A global vmap_blocks-xarray array can be contented under
heavy usage of the vm_map_ram()/vm_unmap_ram() APIs. Under
stress test the lock-stat shows that a "vmap_blocks.xa_lock"
lock is a second in a list when it comes to contentions:

<snip>
----------------------------------------
class name con-bounces contentions ...
----------------------------------------
...
vmap_blocks.xa_lock:    862689 862698 ...
  -------------------
  vmap_blocks.xa_lock   378418    [<00000000625a5626>] vm_map_ram+0x359/0x4a0
  vmap_blocks.xa_lock   484280    [<00000000caa2ef03>] xa_erase+0xe/0x30
  -------------------
  vmap_blocks.xa_lock   576226    [<00000000caa2ef03>] xa_erase+0xe/0x30
  vmap_blocks.xa_lock   286472    [<00000000625a5626>] vm_map_ram+0x359/0x4a0
...
<snip>

that is a result of running vm_map_ram()/vm_unmap_ram() in
a loop.

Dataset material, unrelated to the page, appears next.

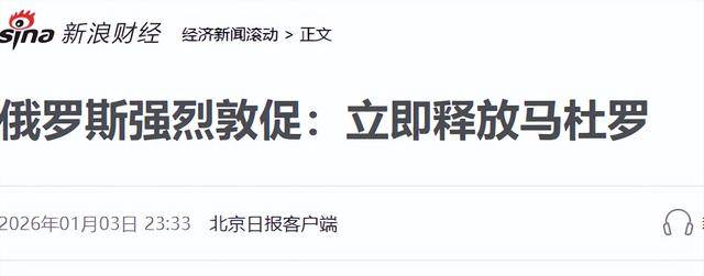俄罗斯强烈敦促:立即释放马杜罗 2026年01月03日23:33北京日报客户端

The test creates 64(on 64 CPUs system) threads and
each one maps/unmaps 1 page.

After this change the xa_lock is considered as noise in the
same test condition:

<snip>
...
&xa->xa_lock#1:         10333 10394 ...
  --------------
  &xa->xa_lock#1        5349      [<00000000bbbc9751>] xa_erase+0xe/0x30
  &xa->xa_lock#1        5045      [<0000000018def45d>] vm_map_ram+0x3a4/0x4f0
  --------------
  &xa->xa_lock#1        7326      [<0000000018def45d>] vm_map_ram+0x3a4/0x4f0
  &xa->xa_lock#1        3068      [<00000000bbbc9751>] xa_erase+0xe/0x30
...
<snip>

Signed-off-by: Uladzislau Rezki (Sony) <urezki@xxxxxxxxx>
---
 mm/vmalloc.c | 54 +++++++++++++++++++++++++++++-----------------------
 1 file changed, 30 insertions(+), 24 deletions(-)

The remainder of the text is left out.